What are the lines, copied exactly, from the one containing "The kit cost" through the final line of the material? Leave the pictures out.

========================================

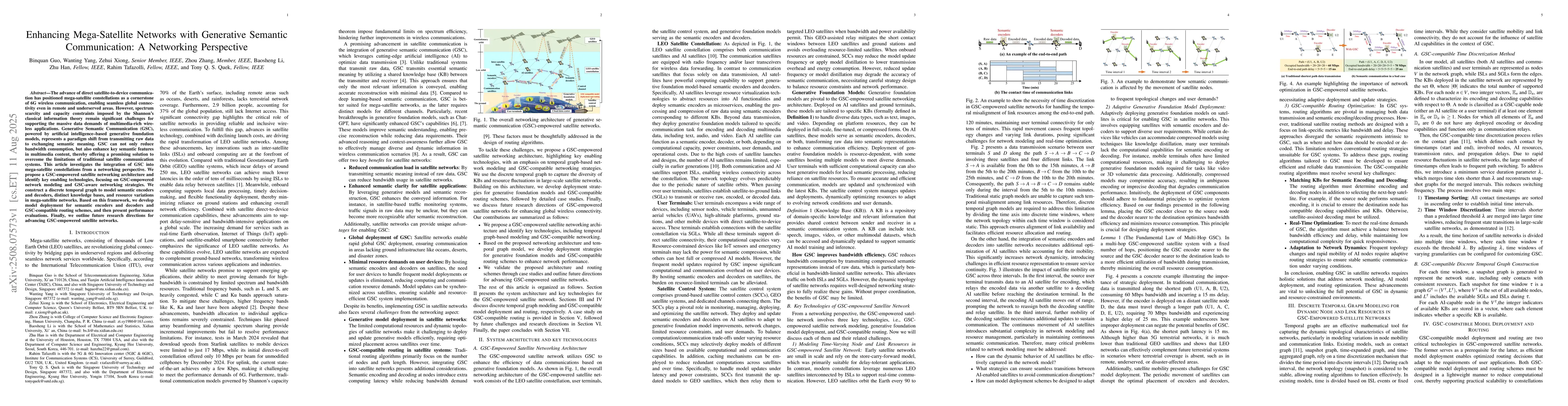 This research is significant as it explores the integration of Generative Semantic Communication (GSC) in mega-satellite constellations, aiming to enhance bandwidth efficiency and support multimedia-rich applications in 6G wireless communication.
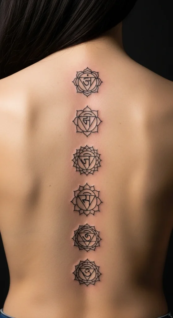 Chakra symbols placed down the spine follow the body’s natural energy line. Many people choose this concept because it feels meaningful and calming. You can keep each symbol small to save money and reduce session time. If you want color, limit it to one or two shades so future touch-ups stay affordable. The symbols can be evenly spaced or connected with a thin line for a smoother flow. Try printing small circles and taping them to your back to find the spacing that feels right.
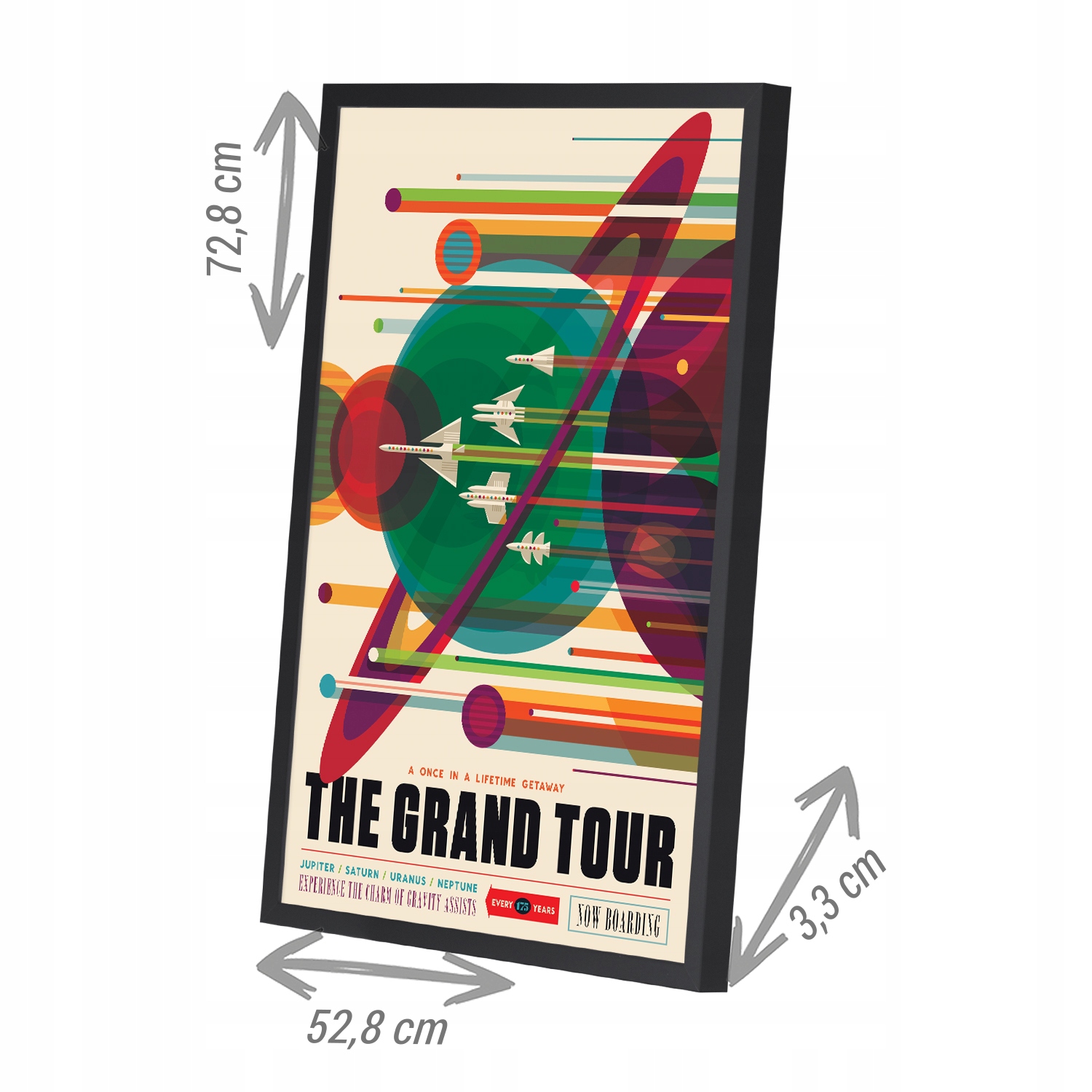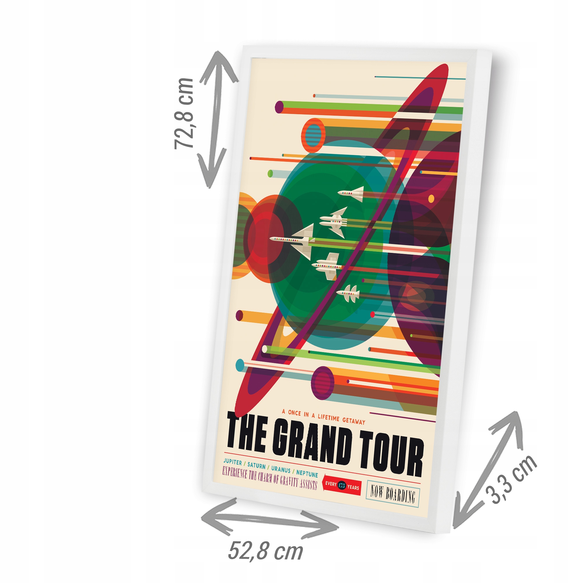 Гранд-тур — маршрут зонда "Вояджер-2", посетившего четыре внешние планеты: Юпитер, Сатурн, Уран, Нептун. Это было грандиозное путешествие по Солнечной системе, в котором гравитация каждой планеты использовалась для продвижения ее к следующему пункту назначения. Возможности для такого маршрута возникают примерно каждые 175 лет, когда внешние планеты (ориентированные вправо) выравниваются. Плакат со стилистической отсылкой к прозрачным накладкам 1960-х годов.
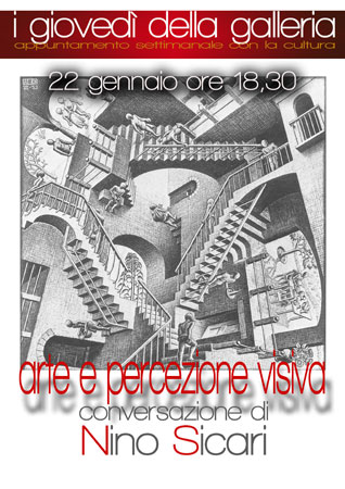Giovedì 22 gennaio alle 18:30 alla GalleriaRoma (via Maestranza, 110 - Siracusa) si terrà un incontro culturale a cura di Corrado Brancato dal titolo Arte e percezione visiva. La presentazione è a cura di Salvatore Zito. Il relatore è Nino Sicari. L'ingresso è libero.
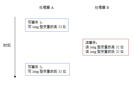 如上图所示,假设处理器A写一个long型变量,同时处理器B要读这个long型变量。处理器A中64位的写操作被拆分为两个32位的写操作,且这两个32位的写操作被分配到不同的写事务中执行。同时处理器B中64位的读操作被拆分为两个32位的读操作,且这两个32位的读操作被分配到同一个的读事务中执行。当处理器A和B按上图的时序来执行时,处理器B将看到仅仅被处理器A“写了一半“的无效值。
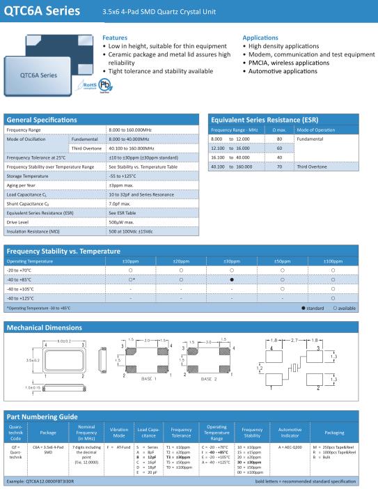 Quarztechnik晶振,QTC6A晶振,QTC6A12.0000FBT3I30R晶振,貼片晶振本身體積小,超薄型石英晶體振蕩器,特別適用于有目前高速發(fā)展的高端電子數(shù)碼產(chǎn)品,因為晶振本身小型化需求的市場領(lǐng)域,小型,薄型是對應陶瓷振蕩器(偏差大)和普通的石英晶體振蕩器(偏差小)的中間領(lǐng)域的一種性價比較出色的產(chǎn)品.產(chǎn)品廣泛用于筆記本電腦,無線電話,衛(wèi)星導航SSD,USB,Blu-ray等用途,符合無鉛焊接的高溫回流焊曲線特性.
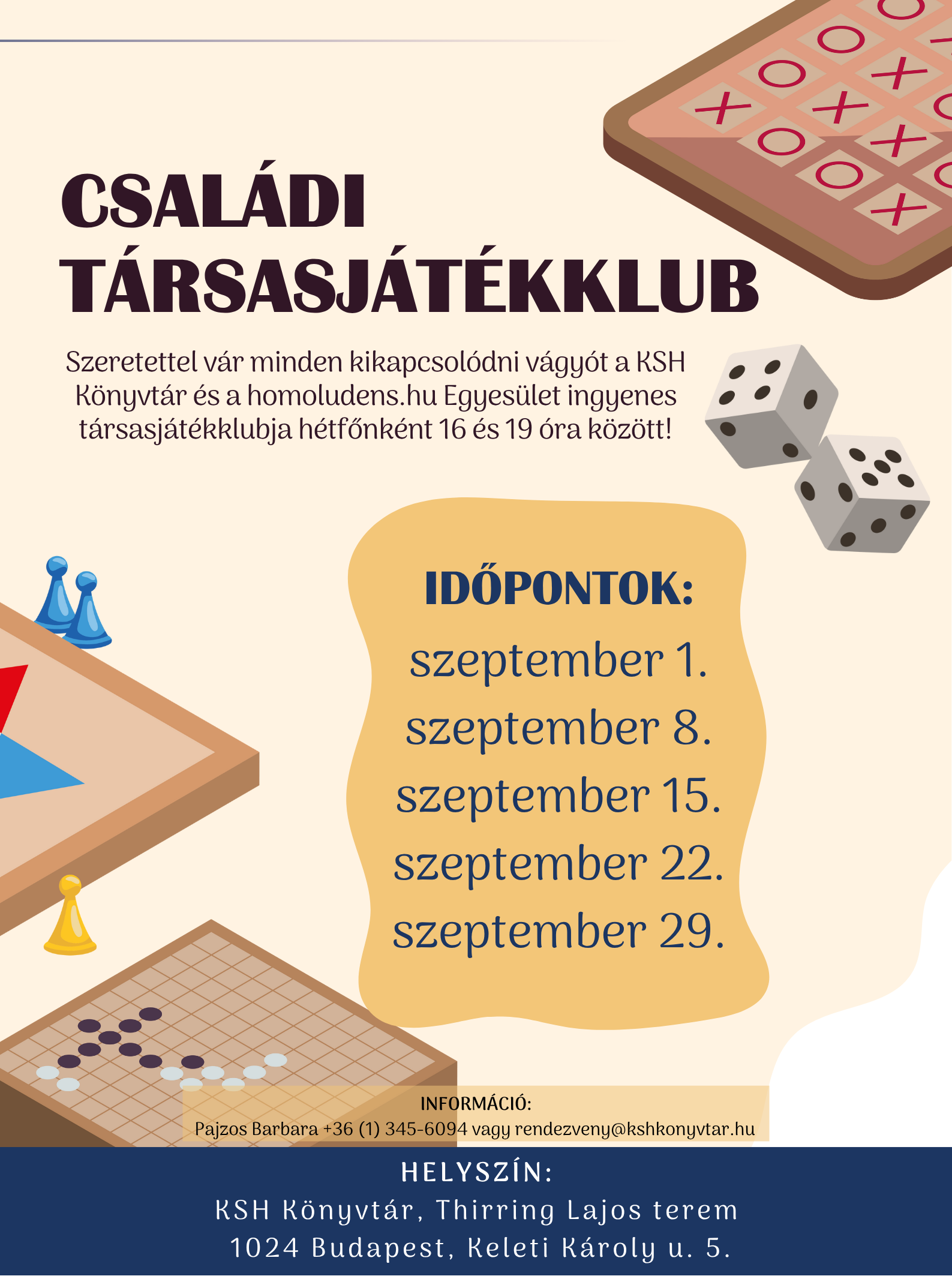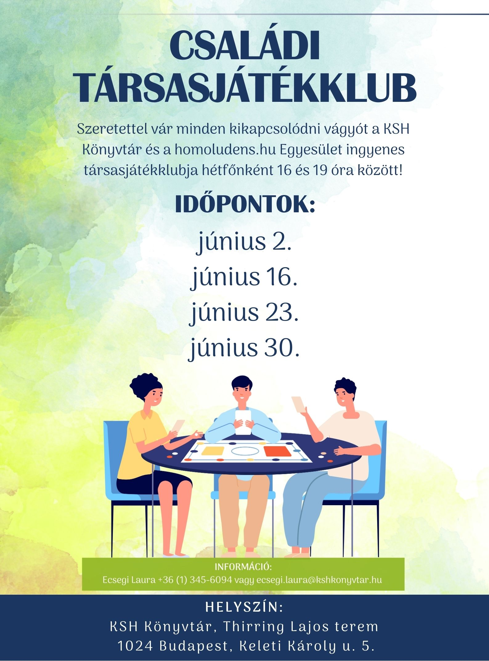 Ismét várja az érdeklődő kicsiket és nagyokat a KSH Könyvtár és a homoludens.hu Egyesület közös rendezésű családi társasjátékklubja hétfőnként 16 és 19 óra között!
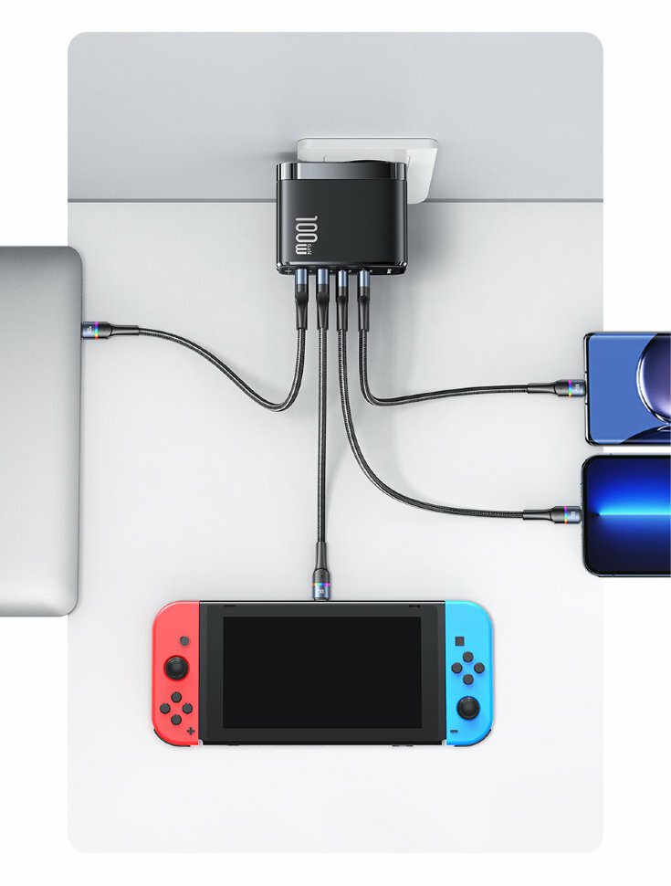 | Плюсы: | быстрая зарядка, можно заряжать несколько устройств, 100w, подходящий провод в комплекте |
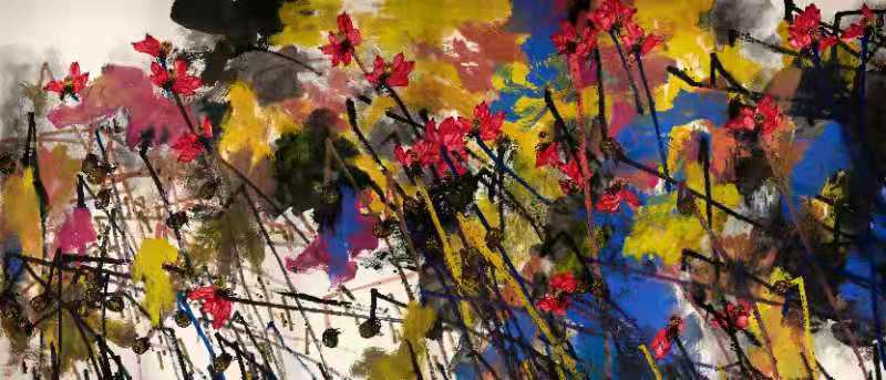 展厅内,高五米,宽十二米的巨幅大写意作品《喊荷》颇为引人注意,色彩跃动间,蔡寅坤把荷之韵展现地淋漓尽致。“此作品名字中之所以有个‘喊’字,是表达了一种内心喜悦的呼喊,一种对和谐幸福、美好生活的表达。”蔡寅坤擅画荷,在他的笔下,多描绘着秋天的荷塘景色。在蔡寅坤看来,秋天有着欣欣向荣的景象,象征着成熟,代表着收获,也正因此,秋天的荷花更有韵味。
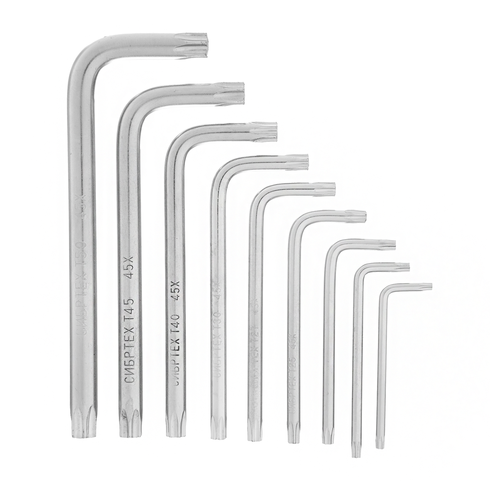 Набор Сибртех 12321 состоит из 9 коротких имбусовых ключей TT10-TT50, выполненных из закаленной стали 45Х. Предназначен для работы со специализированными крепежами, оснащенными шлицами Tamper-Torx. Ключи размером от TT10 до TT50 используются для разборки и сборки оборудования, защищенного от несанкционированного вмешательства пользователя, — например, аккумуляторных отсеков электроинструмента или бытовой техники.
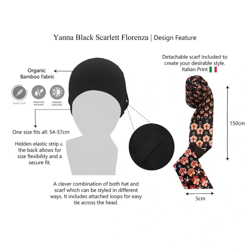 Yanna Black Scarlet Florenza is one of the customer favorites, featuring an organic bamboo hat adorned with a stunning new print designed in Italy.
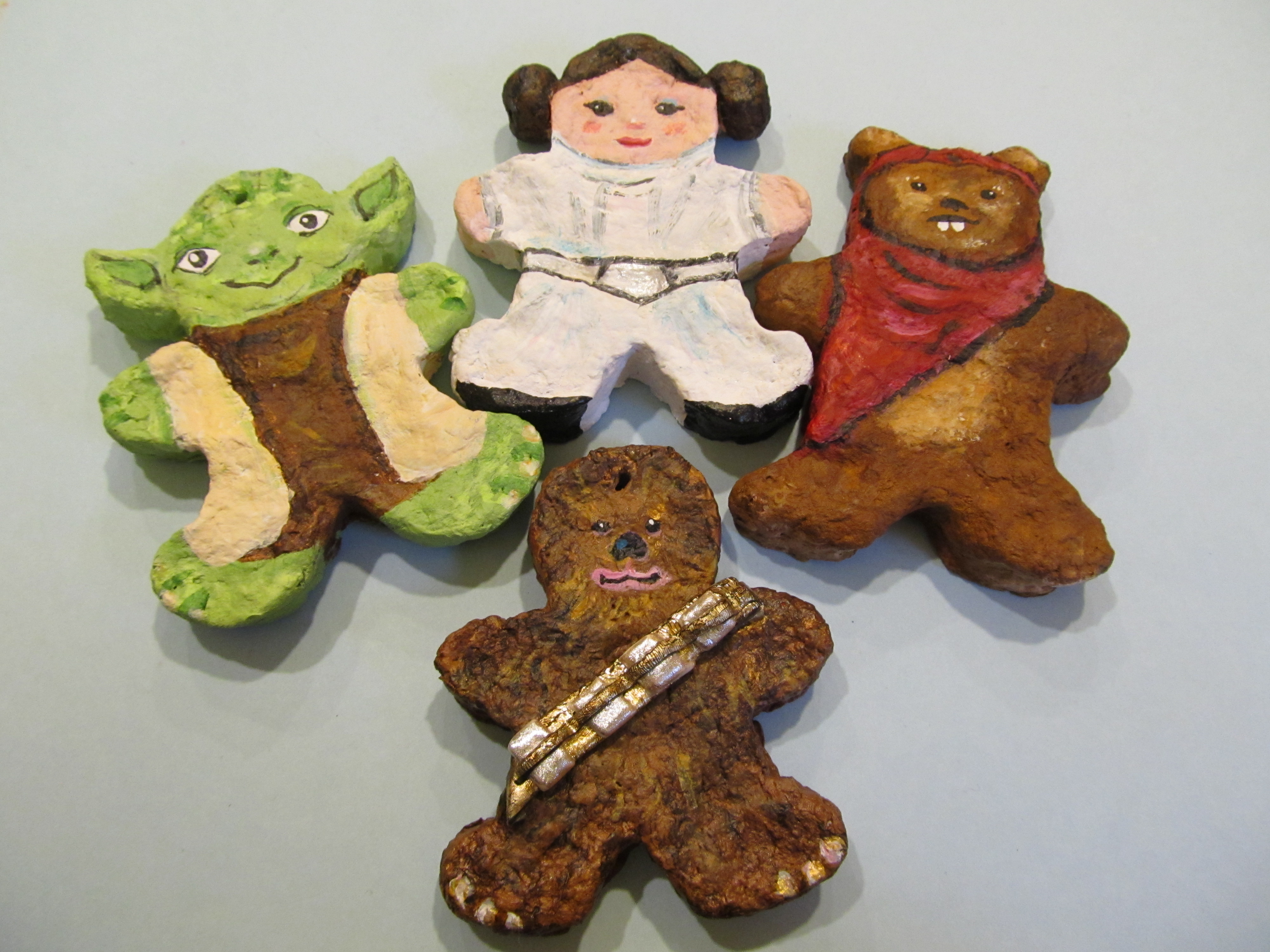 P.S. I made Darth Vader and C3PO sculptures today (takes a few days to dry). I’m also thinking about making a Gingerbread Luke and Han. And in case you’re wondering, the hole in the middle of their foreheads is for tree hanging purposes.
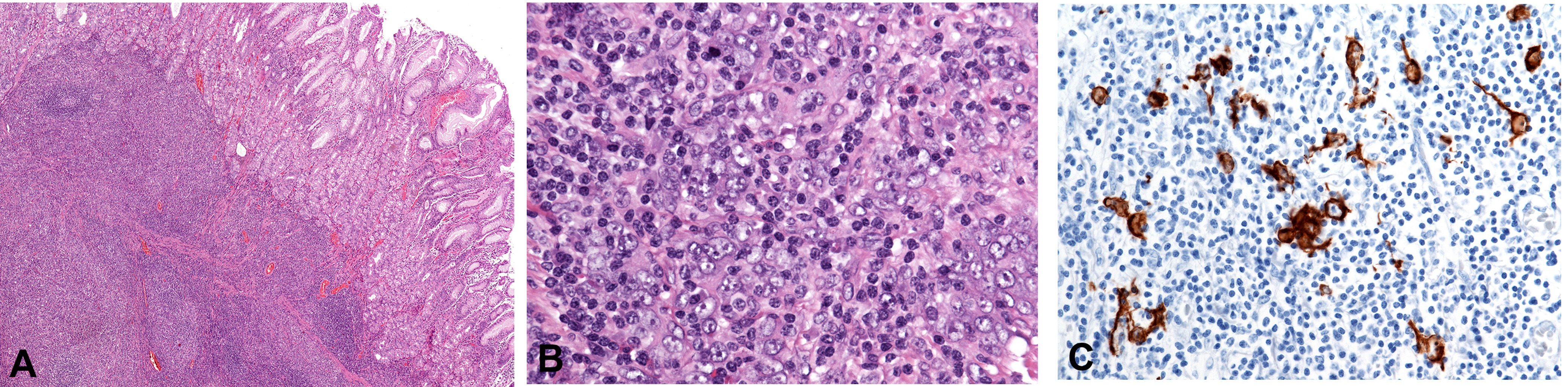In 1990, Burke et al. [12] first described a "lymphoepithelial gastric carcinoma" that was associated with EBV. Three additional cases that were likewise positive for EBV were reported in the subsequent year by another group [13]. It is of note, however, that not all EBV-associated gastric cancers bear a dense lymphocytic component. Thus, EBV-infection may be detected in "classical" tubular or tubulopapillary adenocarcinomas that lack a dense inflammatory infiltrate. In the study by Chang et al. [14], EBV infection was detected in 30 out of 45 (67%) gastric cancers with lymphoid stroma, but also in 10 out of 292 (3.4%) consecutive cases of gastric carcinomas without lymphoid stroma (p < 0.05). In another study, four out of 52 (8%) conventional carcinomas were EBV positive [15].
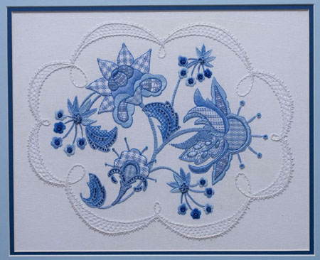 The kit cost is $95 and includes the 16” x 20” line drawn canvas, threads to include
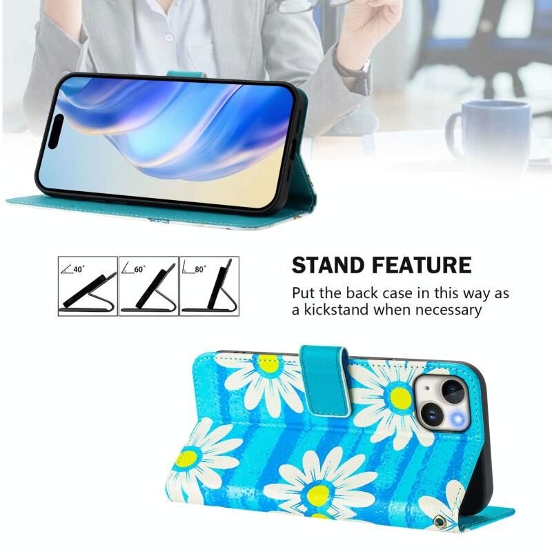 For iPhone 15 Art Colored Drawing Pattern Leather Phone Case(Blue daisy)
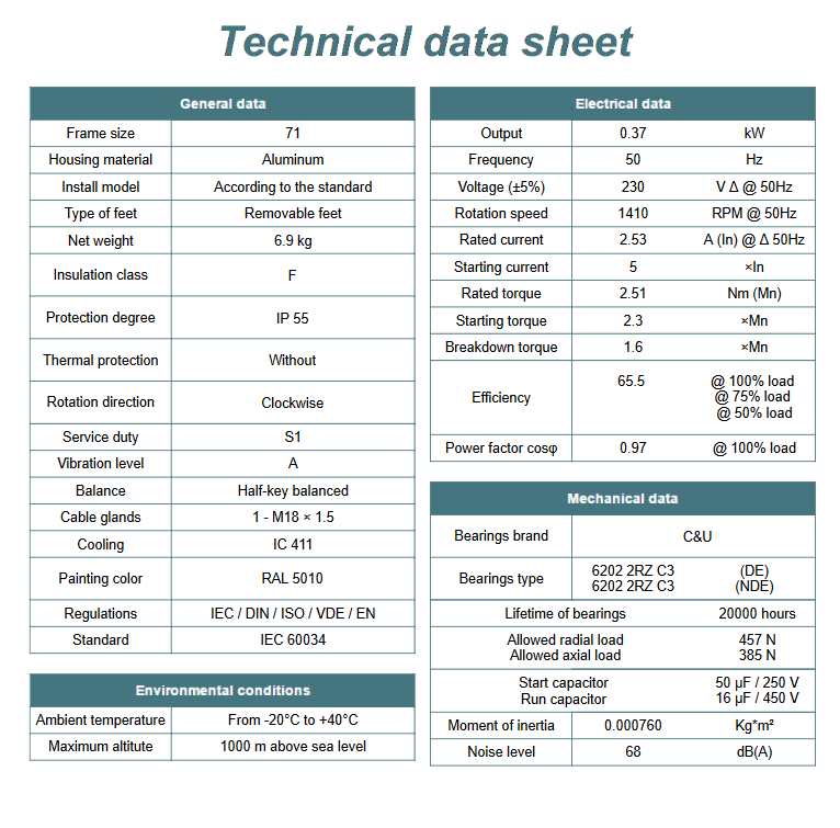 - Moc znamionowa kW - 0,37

========================================

Answer section:
 The kit cost is $95 and includes the 16” x 20” line drawn canvas, threads to include
 For iPhone 15 Art Colored Drawing Pattern Leather Phone Case(Blue daisy)
 - Moc znamionowa kW - 0,37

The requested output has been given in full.